| Required work |
Whenever a line of the records below contains the word "soft", copy that line.

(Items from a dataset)
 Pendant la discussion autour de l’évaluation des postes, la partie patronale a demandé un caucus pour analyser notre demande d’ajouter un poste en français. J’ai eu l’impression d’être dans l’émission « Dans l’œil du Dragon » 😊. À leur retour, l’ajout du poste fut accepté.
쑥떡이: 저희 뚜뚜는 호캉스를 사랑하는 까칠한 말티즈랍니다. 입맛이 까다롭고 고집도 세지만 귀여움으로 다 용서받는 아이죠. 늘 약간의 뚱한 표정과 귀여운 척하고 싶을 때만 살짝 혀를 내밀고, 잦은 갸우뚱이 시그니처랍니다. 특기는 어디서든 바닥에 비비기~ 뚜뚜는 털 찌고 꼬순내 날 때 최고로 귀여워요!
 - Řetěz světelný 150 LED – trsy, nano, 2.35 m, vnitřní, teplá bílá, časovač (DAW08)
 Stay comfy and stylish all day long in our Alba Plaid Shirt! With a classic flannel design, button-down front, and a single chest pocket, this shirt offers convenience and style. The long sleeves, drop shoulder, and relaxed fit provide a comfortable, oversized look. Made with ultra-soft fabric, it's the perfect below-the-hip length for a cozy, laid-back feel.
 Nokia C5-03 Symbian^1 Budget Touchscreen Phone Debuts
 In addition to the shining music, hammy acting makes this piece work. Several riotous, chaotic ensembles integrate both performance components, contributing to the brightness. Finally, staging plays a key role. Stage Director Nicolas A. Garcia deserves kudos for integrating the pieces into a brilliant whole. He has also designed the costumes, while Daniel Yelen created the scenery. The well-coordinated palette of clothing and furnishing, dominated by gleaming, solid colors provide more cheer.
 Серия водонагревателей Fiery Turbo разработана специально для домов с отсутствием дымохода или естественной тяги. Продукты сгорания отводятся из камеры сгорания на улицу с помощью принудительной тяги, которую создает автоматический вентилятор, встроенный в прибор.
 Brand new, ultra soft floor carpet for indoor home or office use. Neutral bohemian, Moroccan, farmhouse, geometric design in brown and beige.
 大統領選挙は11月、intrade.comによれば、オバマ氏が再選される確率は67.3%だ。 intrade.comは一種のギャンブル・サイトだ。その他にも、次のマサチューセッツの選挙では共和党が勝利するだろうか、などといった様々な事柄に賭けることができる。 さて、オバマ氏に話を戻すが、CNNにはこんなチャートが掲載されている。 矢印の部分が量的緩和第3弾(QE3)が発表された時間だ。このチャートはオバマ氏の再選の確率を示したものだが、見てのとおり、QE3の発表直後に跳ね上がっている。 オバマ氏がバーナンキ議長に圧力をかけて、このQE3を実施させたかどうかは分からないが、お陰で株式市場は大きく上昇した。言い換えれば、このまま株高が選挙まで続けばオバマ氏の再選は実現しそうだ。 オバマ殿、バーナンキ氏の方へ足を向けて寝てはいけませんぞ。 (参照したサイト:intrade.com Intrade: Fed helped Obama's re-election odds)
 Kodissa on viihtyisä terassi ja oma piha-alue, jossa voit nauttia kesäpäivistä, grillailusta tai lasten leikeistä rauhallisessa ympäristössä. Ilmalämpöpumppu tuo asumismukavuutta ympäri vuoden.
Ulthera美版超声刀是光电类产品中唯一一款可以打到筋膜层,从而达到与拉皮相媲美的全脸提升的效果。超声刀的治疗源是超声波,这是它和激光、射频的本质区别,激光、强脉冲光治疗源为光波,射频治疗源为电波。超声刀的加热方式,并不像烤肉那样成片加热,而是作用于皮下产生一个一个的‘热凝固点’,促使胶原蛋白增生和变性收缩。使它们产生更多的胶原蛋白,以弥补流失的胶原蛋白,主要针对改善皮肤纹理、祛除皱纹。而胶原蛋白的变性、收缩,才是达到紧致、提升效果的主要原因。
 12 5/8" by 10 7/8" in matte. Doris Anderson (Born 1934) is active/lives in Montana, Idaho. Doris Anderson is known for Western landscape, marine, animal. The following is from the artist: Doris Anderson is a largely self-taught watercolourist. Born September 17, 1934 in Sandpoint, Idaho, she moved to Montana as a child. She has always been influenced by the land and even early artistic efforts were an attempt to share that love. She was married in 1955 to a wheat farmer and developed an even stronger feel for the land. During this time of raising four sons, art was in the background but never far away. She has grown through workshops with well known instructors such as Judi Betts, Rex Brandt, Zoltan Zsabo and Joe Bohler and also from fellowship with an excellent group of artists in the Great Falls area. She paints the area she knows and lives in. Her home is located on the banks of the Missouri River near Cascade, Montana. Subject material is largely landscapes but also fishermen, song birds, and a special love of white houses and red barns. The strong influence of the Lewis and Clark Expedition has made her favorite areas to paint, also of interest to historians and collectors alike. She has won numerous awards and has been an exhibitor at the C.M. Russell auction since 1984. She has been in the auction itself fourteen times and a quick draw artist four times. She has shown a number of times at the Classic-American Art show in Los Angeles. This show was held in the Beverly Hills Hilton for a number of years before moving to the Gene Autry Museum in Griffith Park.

| Exercise output |
 Stay comfy and stylish all day long in our Alba Plaid Shirt! With a classic flannel design, button-down front, and a single chest pocket, this shirt offers convenience and style. The long sleeves, drop shoulder, and relaxed fit provide a comfortable, oversized look. Made with ultra-soft fabric, it's the perfect below-the-hip length for a cozy, laid-back feel.
 Brand new, ultra soft floor carpet for indoor home or office use. Neutral bohemian, Moroccan, farmhouse, geometric design in brown and beige.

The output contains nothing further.